(Stored entries)

++++++++

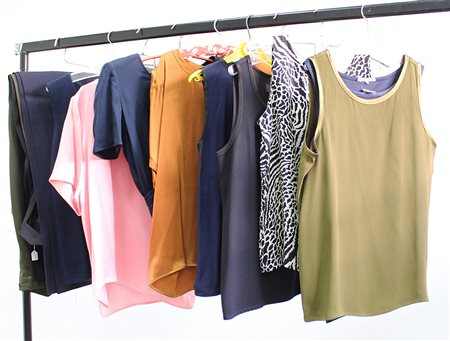 Lotto di 6 canottiere in vari materiali, tre maglie e tre pantaloni, di diversi colori e fantasie (taglie differenti) (lievi difetti)
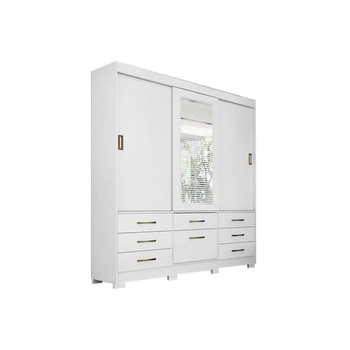 Guarda Roupa Casal 3 Portas De Correr E 7 Gavetas C/ Espelho Luiza Branco - Panan
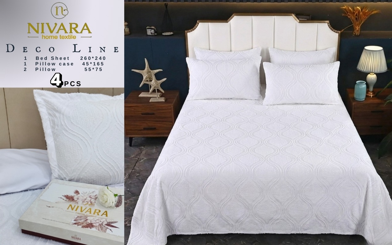 The Deco Layan model, a king-size bed, features solid colors with soft embossed patterns.
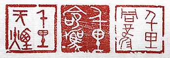 縦横・・2.4×2.4cm 偶々杜牧の「江南春」の「千里鶯啼いて・・・」を調べてい たら、「千里」の付く言葉が數點頭に浮かんだ。其處で其 れを彫る事にし、甲骨文で刻した「千里同風」(千里風を同 じくす)と、金文で刻した「千里命駕」(千里駕を命ず)と、古 璽文で刻した「千里无(無)煙」(千里煙無し)とである。「同 風」は、風俗が同化されて天下が平和になる事の例えで、 『論衡』雷虚篇に、「夫れ千里風を同じくせず、百里雷を共 にせず」と有り、「命駕」は、遠方の知人を遙々訪ねる事の 例えで、『晉書』嵆康傳に、「東平の呂安、康の高致に服し 、一たび相思ふ毎に輒ち千里駕を命じ、康は友として之を 善とす」と有り、亦た「无煙」は、千里四方に渉って煮炊き の煙が上がらず、人々が甚だ困窮している様子を表した 言葉で、『三國志』衛覬傳に、「當今千里煙無く、遺民困苦 す」と有る。 |
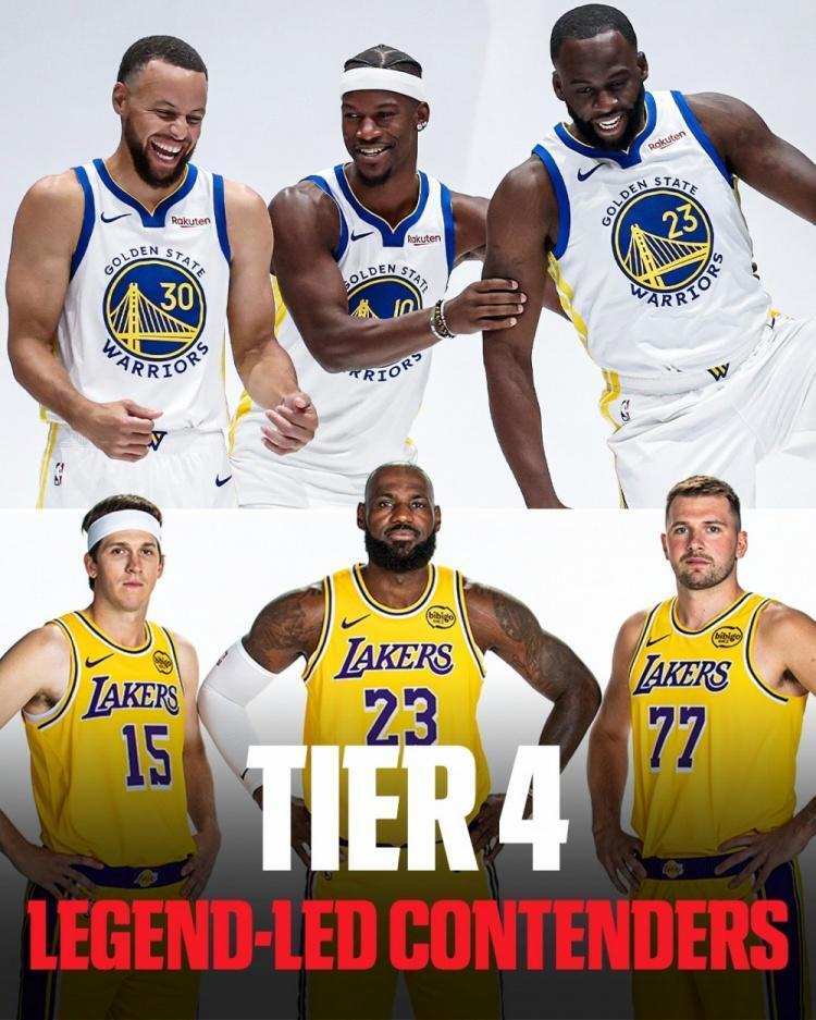 勇士和湖人排在了第四档。勇士巴特勒库里和追梦,湖人则是詹姆斯东契奇和里夫斯。勇士的三巨头虽然年龄比较大了,但是实力还是有的,油箱里都有油,并且能够让勇士充满竞争力。湖人拥有两个联盟前十的球员,詹姆斯虽然没有了巅峰,但是状态还是要比大多数球员出色。里夫斯也是联盟进攻能力最好的三当家了。
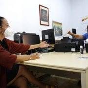Mer­ce­des Blat (al fon­do) atien­de a Caro­li­na Díaz en la sede del pro­yec­to Fent Lla­vor. Foto: A. Sáiz/AVAN
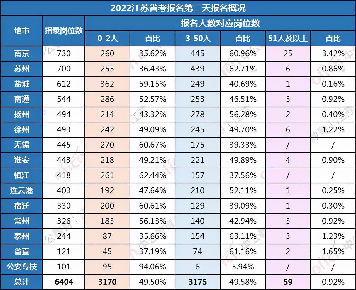 截止今日,2022江苏省考报名工作进展到第二天,根据18点的报名数据统计,我们可以看到各地的报名情况。
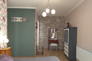 La chambre principale est équipée d’un lit 160 × 200 cm, modulable à la demande en deux lits jumeaux de 80 × 200 cm, de deux tables de chevet, d’un meuble de rangement ainsi que d’une élégante coiffeuse accompagnée de ses chaises.
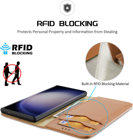 Made of genuine leather with RFID blocking material to protect personal property and information from being stolen. |
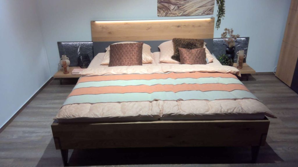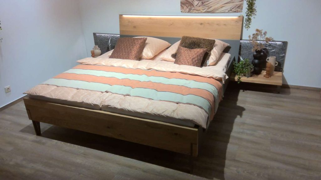BemerkungEntdecken Sie das elegante und moderne Schlafzimmer-Set "Milo" von THIELEMEYER, das mit einer harmonischen Kombination aus hochwertigen Materialien und durchdachtem Design besticht. Die Lackierung in edlem Graphit bildet einen faszinierenden Kontrast zu den warmen Tönen von Wildeiche, die den Möbelstücken eine natürliche und einladende Ausstrahlung verleihen. Besonders hervorzuheben sind die exklusiven Natursteineinsätze, die nicht nur optisch begeistern, sondern auch mit einer sanften Beleuchtung für ein stimmungsvolles Ambiente sorgen.

++++++++

- [Goal of the exercise]: Your task is to reproduce exactly the lines from the start of the data above through the line containing "The Deco Layan", leaving every picture out.

- [Solution for this exercise]:
 Lotto di 6 canottiere in vari materiali, tre maglie e tre pantaloni, di diversi colori e fantasie (taglie differenti) (lievi difetti)
 Guarda Roupa Casal 3 Portas De Correr E 7 Gavetas C/ Espelho Luiza Branco - Panan
 The Deco Layan model, a king-size bed, features solid colors with soft embossed patterns.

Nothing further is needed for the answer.